Our camp moved around much like you and we haave hunted all over the state. Always hunted state land and could put on lots of miles scouting and making our runs. I really liked Kakaska area and Newaygo county. Lots of state land and plenty of area to walk and talk.

Good luck.


----------



## john warren (Jan 25, 2005)

well,,, how about killimng two birds with one stone so to speak?

there is a ton of state forest land around onoway, by black lake.

turkey season also just happens to coincide with the sturgeon spawning run on the black river.

for a big adventure,,, you can camp on the river, with sturgeon for tommorrow and help guard the sturgeon,,, plus hunt a new area for turkey. 
imagine taking a beautiful tom,,, and on the same day helping to catch and tag a 6 ft 80 year old sturgeon? 
not to mention camping right on the river, with eagles greeting you every morning. elk roaming the area. bear and deer to watch.oh,,,and we frequently watch the turtles laying their eggs on the banks of the black river.
if its interesting to you, sturgeon for tommorrow will be signing up volunteers in a month or so . check their website.


----------



## pirate959 (Mar 23, 2011)

What I do is print out the aerial photos of the area I want to hunt. Then go to the stores where the locals are. If your In camouflage, they will love to tell you where they see turkey. Start x'ing these sightings with times. You can pretty quickly map the birds and predict good spots to check for roosts. Then hit these spots before sun up with crow calls and listen for birds.

As far as where to go, just be above zz line. ;-)


----------



## pirate959 (Mar 23, 2011)

Get a plat map for the county you will hunt. I like to find accessible state land near the big boys I always seem to see on private land. You can make some cleaver setups. In May, turkey need water frequently, so the sturgen run sounds like the ticket. 

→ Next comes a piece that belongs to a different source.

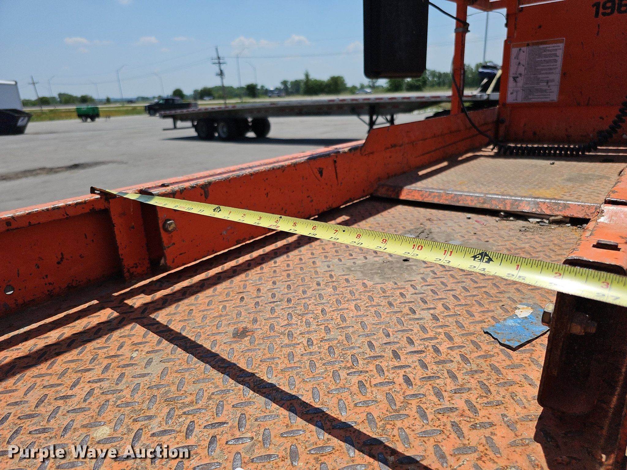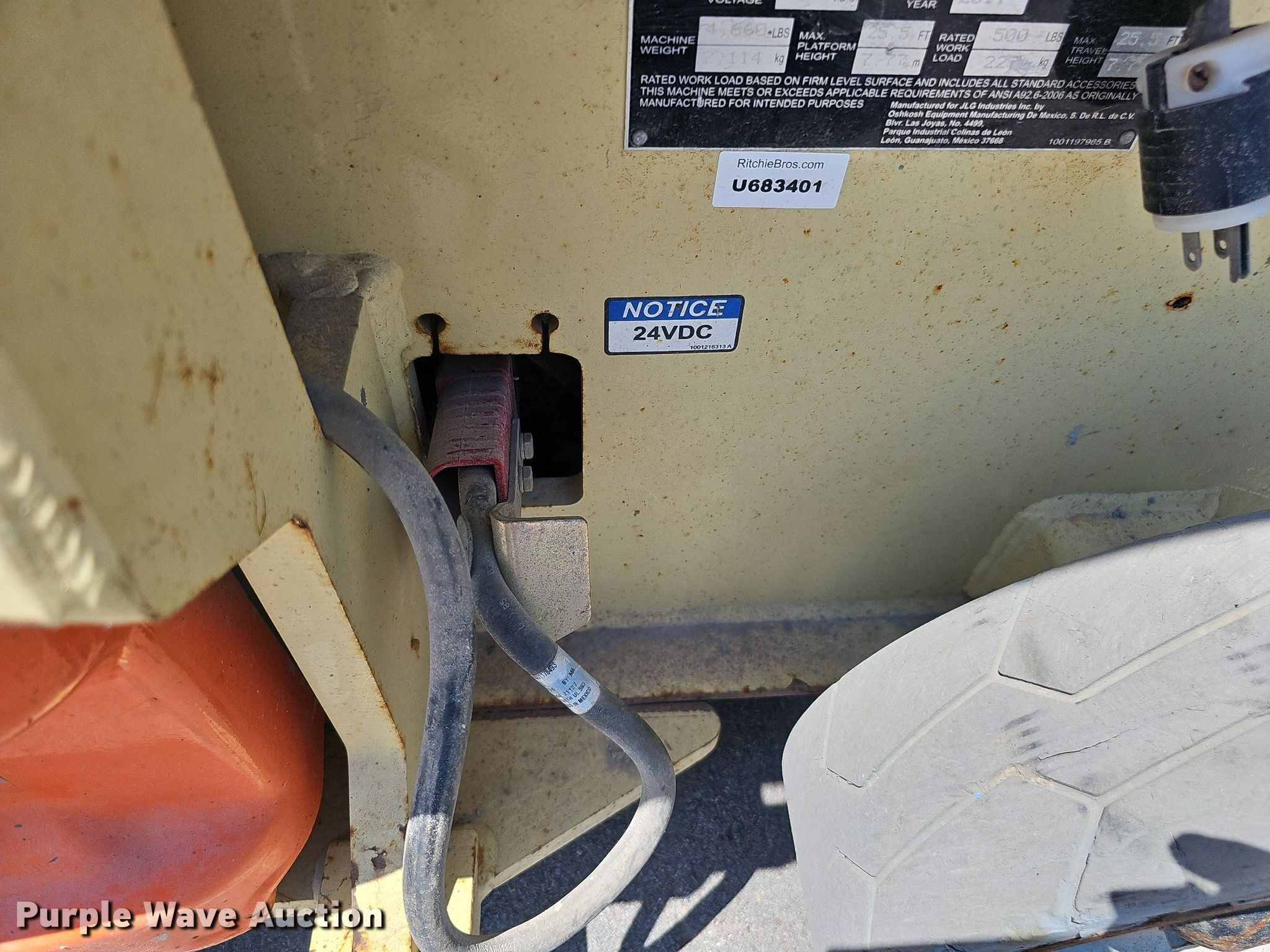 2017 JLG 2632ES scissor lift. Hours: 28 on meter, Serial: M200006750. Electric Motor Volts: 24. Features Maximum lift capacity: 500 lbs, Maximum lift height: 25.5', Platform: 122" L x 29" W, AC power outlet, Controls: Remote Control, Ground, Platform extensions: Manual, Safety alarm. Tires Tire size: 406x125x5, Solid. Notes Manual. Jordan Machinery / S & N Auto Sales. 25050 US Hwy 275. Waterloo, NE 68069

Crawford is not bad also, lots of good fly fishing to.


----------



## mcastle1 (Oct 17, 2012)

Truly appreciate everyone's response! We'll definitely check out Kalkaska and Newaygo, two counties we haven't been to yet! Thanks and good luck this spring!!


----------



## hawkeman20 (Jan 11, 2013)

I live in mason county and hunt mason and oceana counties. alot of federal and state lands. ive had very good luck in both areas.......


----------



## mcastle1 (Oct 17, 2012)

Thanks hawkeman20! We're pretty fond of Mason county too. We've had a really good run there for the last few years. I'll have to spend a weekend in Oceana county and see what it's like. Again, thanks for the tip!


----------